**SOURCE DATA**
_ _ _

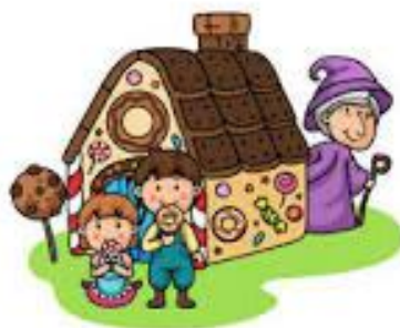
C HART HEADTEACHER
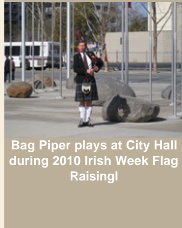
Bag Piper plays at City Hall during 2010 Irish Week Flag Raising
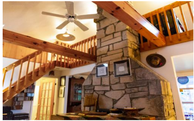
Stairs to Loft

_ _ _

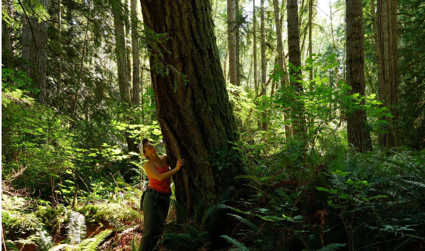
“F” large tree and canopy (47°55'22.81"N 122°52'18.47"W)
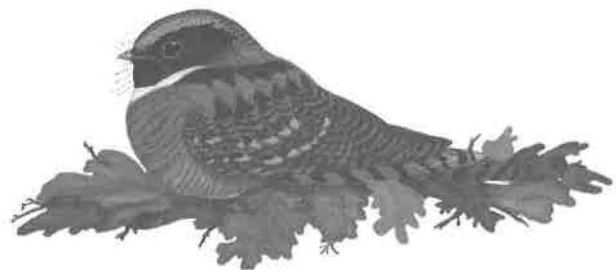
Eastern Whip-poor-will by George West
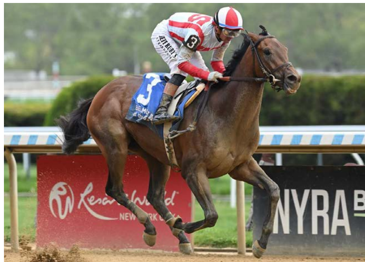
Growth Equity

_ _ _

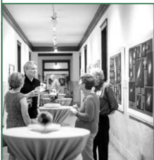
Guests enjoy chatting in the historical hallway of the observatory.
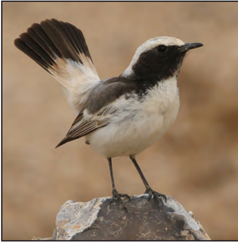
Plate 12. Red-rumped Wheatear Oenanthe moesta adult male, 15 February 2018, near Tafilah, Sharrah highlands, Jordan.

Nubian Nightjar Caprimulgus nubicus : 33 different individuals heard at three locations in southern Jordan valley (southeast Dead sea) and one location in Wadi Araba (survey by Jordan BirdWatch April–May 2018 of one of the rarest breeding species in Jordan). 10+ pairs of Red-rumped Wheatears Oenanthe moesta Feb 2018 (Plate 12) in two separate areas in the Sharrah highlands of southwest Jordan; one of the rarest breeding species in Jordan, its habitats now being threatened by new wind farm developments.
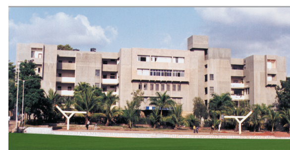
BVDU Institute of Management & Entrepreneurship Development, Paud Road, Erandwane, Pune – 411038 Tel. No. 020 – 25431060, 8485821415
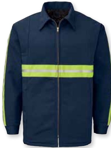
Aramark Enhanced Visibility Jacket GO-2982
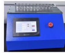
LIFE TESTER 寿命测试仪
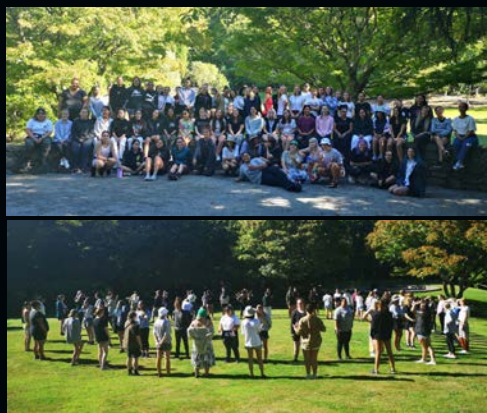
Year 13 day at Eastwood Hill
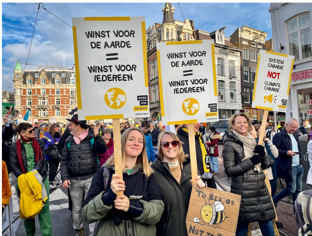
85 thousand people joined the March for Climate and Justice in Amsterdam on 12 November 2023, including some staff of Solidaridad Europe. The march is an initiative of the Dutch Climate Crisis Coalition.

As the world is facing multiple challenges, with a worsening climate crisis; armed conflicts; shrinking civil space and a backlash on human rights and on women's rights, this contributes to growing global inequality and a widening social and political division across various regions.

_ _ _

**WHAT THIS TASK INVOLVES**
Each line above from the one containing "C HART HEADTEACHER" through the one containing "Stairs to Loft" is to be returned verbatim. Nothing else, and no pictures.

**OUTPUT**
C HART HEADTEACHER
Bag Piper plays at City Hall during 2010 Irish Week Flag Raising
Stairs to Loft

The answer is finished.